Research conducted by several Universities, and backed by the Ellen MacArthur Foundation, suggests volume of plastic in the oceans will quadruple by 2040.
‘Breaking the Plastic Wave’, research was carried out by a consortium of experts from the University of Oxford, the University of Leeds and the Pew Charitable Trusts, finding that the world’s plastic pollution problem is vastly outpacing efforts to stop it.
The researchers tracked the production, use and disposal of plastic around the world to create a model to forecast future plastic pollution. Despite ongoing pledges by corporations and governments to stem plastic pollution, the report suggests that the current measures in place will be unable to negate the volumes of plastic entering the ocean and waterways, that will then triple over the next 20 years continuing in this ‘business as usual’ format.
By adjusting the model, the research was able to identify the measures needed to make a substantial impact in reducing the amount of plastic being produced from entering our natural environments.

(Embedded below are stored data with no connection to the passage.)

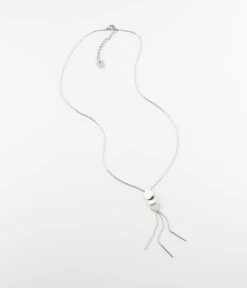 Collier en acier uni ou dorĂ© Ă l’or fin ornĂ© de trois mĂ©dailles de mĂ©tal sur lesquelles s’accrochent des chaĂźnettes terminĂ©es de fines tiges de mĂ©tal.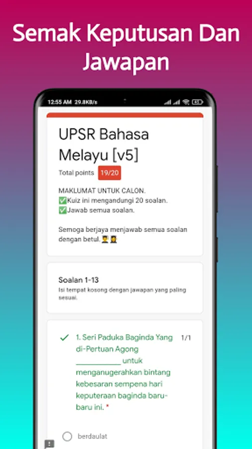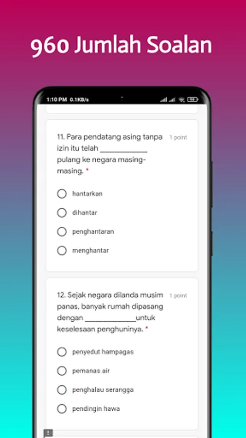 This application can enable students to practice answering questions anywhere and at any time via smartphone online. After answering the questions, the candidate can check the answers and the marks obtained. It is hoped that this application can help students get excellent results in the real exam.
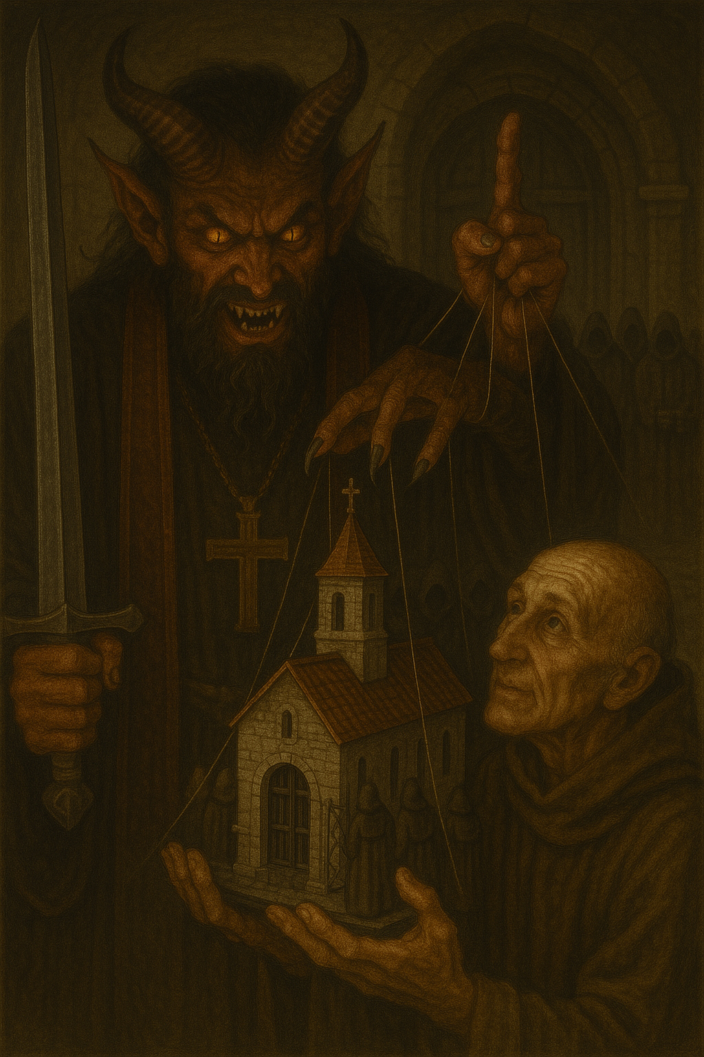 Именно так Батин вырастает из «частного» демона эзотериков в «изнанку» жреческого сословия. Жрец, монах, член Ордена, инфицированный этой матрицей, перестает быть свидетелем и проводником и становится распорядителем: он не просто служит у Врат, но объявляет себя их владельцем. Доступ к Силе превращается в услугу, спасение – в дефицитный ресурс, распределяемый «по усмотрению» тех, кто стоит у алтаря.

Steps that researchers called for included:
- reducing growth in plastic production and consumption
- substituting plastic with paper and compostable materials
- designing products and packaging for recycling
- expanding waste collection rates in middle/low-income countries and supporting the “informal collection” sector
- building facilities to dispose of the 23% of plastic that cannot be recycled economically, as a transitional measure
- reduce plastic waste exports
Speaking to the BBC, Dr Costas Velis, from the University of Leeds, acknowledged the lack of a “silver bullet” for the plastic problem, however an issue often overlooked is the lack of waste management for an estimated 2 billion people in the Global South. “They have to just get rid of all their rubbish, so they have no choice but to burn or dump it,” said Dr Velis.
David Honcoop, managing director at Clarity Environmental, said of the report, “The ongoing volume of plastic waste entering our oceans is of great concern. We are passionate about keeping our natural spaces clear of waste, particularly after seeing the volumes of waste discarded irresponsibly when litter picking last year, in collaboration with The Whale and Dolphin Conservation.

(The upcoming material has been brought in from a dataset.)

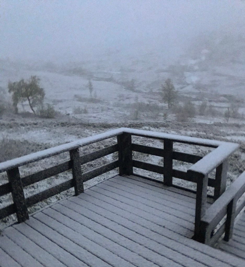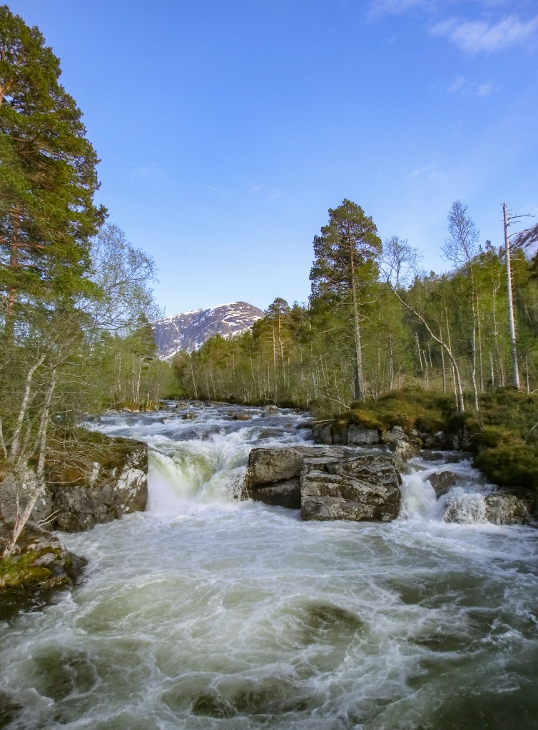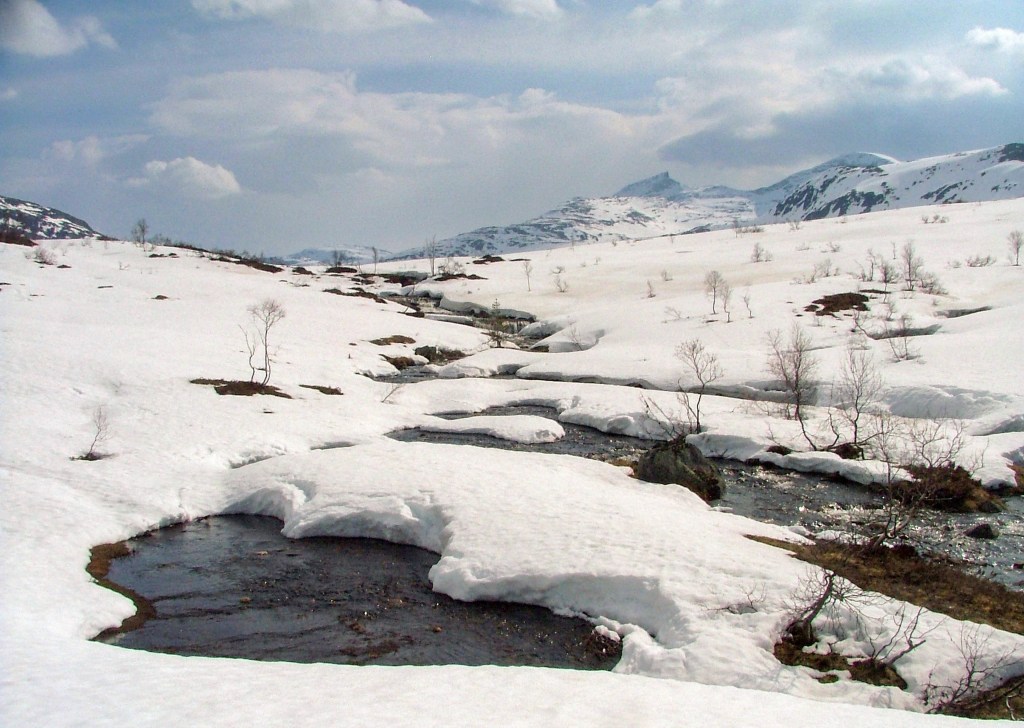 Frå hytta kan vi følge med på Fossåa. Som regel ligg ho skjult, men ikkje heilt lydlaus, under snø og is når skisesongen startar. Så vaknar ho etter kvart til liv, og kjem fram i dagen. Eit år kan prosessen ta tid, andre år skjer det heile brått som ein eksplosjon. Det kjem an på snømengde, vind og ver.

“Reports such as this allow us to critically look at the actions we can take, both personally and as a business. We continue to support our members in looking at their packaging production and assess the environmental impacts of packaging choices. And we believe that communication around waste is also essential to ensure consumers understand what may happen with the packaging they consume.
“With a stark rise in the use of disposable plastic face masks and gloves, this is of particular importance right now to ensure that the disposal of such items is done correctly and responsibly so as to limit the impact on our environment.”